Recently, I met with a group of mental health nurses working in primary care at the Royal College of Nursing who made a very strong case for developing their profession. At the moment, there are not mental health nurses in all practices, but some of the best practices do have them. This could happen on a group basis—for example, where a primary care network contracts together to ensure that there is a mental health nurse available so that, whichever GP you go to, you get the benefit of that mental health nurse; it does not necessarily require every practice to have one. The noble Baroness, Lady Hollins, referred to the need for public health support. Understanding the pattern of need and ensuring that you resource appropriately is critical and something that public health professionals really can help with. This could also be delivered through specialist centres. We propose that there should be youth mental health drop-in centres. This is something that we need to ask young people about. It may be that they would prefer a different setting from the general practice setting if they want to talk about something as sensitive as this. In either case, the critical thing is that there is some trained professional available to that individual if they present within the primary care system. Today, we must recognise that support is very patchy.

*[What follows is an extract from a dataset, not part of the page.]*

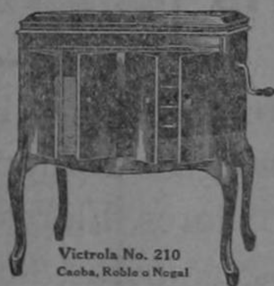
Victrola No. 210 Caoba, Roble o Nogal

The acute sector will be necessary for some young people as other interventions have proved insufficient. I think that we will come back to one aspect of this in our next debate, but I have some questions for the Government now. The first is whether there is sufficient investment in community-based treatment for people with serious mental health that allows them not to be moved into in-patient settings except where this is strictly necessary. Some of the stories that are reported to us suggest that people are being taken to an in-patient setting not because that is the best treatment option but simply because their complex needs cannot be treated in a community setting due to resources, not due to the fact there is no treatment available. It is a shame if we are moving people to in-patient settings where it is not necessary. I would be interested in the Minister’s view on whether the test is being met or whether too many young people are still being treated as in-patients only because of that lack of appropriate out-patient support.

Secondly, and somewhat related, there is the question of where young people go when they need a place in a hospital. It is usually beneficial for all patients, but especially for young people, to be near to their home area, for the family visits and support and, crucially, because of their reintegration into the community on discharge. Being taken far away and then moved back is clearly more disruptive, particularly if you are going through a process of phased discharge from an institution, when it is much more helpful to be in your home community normally. There are exceptions, but typically we would want to see that. I am keen to understand the Minister’s views on out-of-area placements and how these can be minimised where they are not helpful from a treatment point of view.

Once again, I thank my noble friend Lord Russell for securing this debate, and I congratulate the noble and learned Baroness, Lady Hale, on her maiden speech. I close with a ready reckoner reminding the Minister of the issues which I hope that he can address in his response. Are the Government committed to building a culture where we treat mental health on a par with other forms of childhood illness? How are the Government ensuring that educational institutions can provide the support that their students need, especially around anti-bullying where that is a significant component in mental health problems? What is the department doing to provide more specialist support in primary care settings, whether that is by GPs or dedicated centres? What is the NHS doing to minimise the need for in-patient treatment where there are out-patient alternatives available but it is simply a question of resourcing? Finally, what are the Government doing to ensure that placements are not out-of-area where in-patient treatment is unavoidable?